__Task item__. Below are some entries; reproduce them exactly and leave every picture out.

[[ Supplied material, beginning ]]

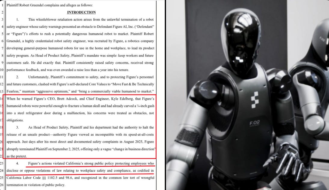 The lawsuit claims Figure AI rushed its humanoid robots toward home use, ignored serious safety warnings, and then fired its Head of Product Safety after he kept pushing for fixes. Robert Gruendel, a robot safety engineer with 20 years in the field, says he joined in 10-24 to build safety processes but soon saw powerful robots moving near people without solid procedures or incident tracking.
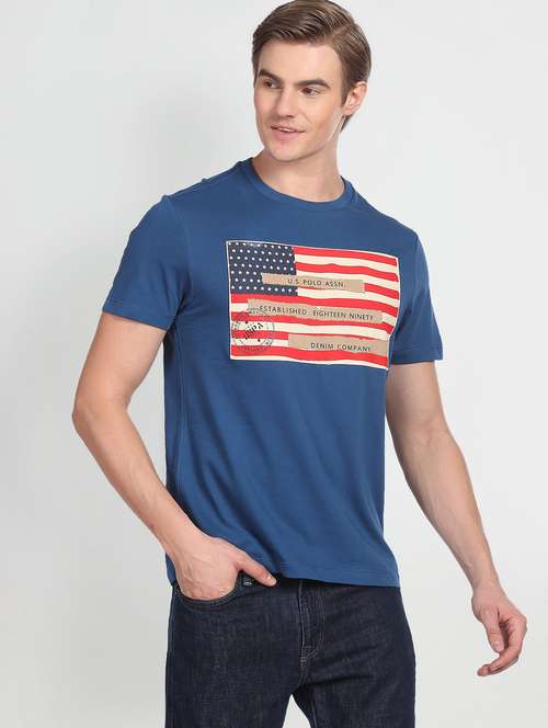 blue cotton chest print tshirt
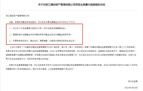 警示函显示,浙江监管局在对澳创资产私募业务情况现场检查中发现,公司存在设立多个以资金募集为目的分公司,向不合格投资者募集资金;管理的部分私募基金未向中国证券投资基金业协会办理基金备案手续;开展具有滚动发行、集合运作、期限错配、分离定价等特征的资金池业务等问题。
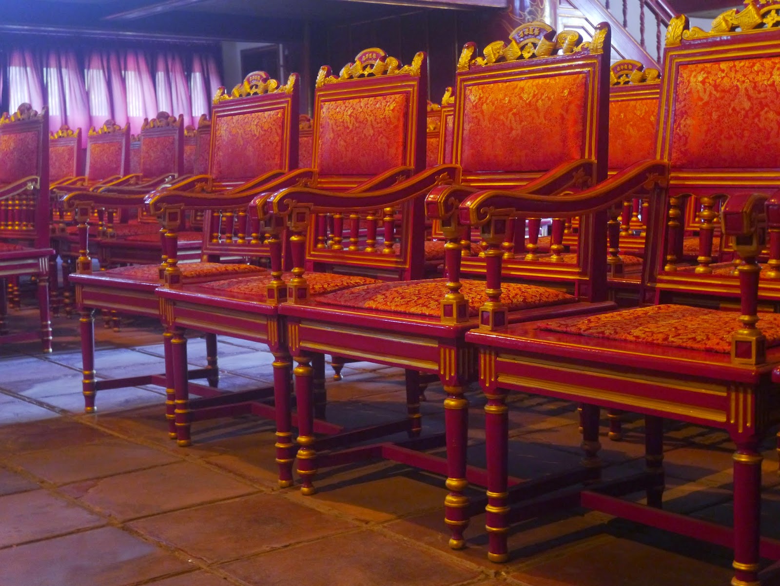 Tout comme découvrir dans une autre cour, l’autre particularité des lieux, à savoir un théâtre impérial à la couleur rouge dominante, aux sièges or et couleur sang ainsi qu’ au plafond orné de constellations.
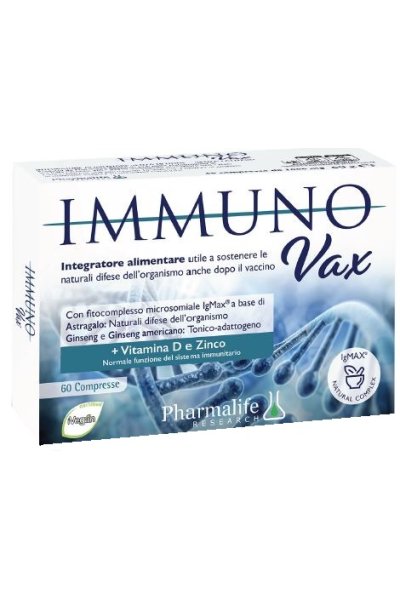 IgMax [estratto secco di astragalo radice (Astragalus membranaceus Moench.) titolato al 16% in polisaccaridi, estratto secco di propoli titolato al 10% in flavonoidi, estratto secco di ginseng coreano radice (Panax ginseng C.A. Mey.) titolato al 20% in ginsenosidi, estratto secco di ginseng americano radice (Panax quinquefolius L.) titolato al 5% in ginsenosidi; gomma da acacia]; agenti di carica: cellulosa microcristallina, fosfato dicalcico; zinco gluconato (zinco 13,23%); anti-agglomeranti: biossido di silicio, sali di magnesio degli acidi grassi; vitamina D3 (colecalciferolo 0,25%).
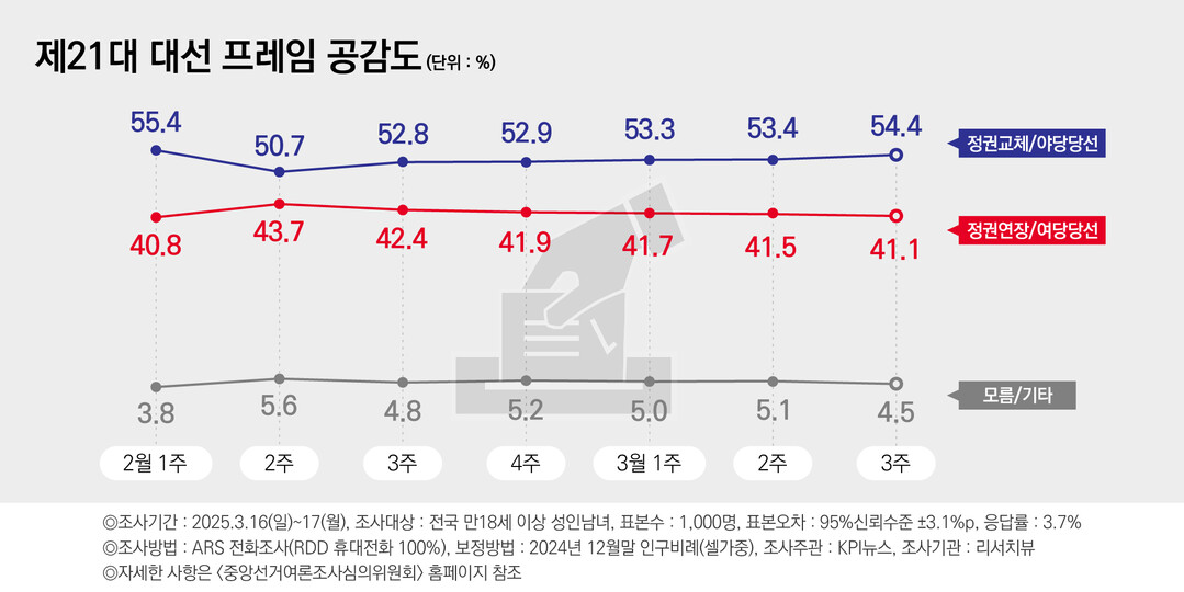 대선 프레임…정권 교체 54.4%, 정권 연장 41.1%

[[ Supplied material, end ]]

__Solution below__.
 The lawsuit claims Figure AI rushed its humanoid robots toward home use, ignored serious safety warnings, and then fired its Head of Product Safety after he kept pushing for fixes. Robert Gruendel, a robot safety engineer with 20 years in the field, says he joined in 10-24 to build safety processes but soon saw powerful robots moving near people without solid procedures or incident tracking.
 blue cotton chest print tshirt
 警示函显示,浙江监管局在对澳创资产私募业务情况现场检查中发现,公司存在设立多个以资金募集为目的分公司,向不合格投资者募集资金;管理的部分私募基金未向中国证券投资基金业协会办理基金备案手续;开展具有滚动发行、集合运作、期限错配、分离定价等特征的资金池业务等问题。
 Tout comme découvrir dans une autre cour, l’autre particularité des lieux, à savoir un théâtre impérial à la couleur rouge dominante, aux sièges or et couleur sang ainsi qu’ au plafond orné de constellations.
 IgMax [estratto secco di astragalo radice (Astragalus membranaceus Moench.) titolato al 16% in polisaccaridi, estratto secco di propoli titolato al 10% in flavonoidi, estratto secco di ginseng coreano radice (Panax ginseng C.A. Mey.) titolato al 20% in ginsenosidi, estratto secco di ginseng americano radice (Panax quinquefolius L.) titolato al 5% in ginsenosidi; gomma da acacia]; agenti di carica: cellulosa microcristallina, fosfato dicalcico; zinco gluconato (zinco 13,23%); anti-agglomeranti: biossido di silicio, sali di magnesio degli acidi grassi; vitamina D3 (colecalciferolo 0,25%).
 대선 프레임…정권 교체 54.4%, 정권 연장 41.1%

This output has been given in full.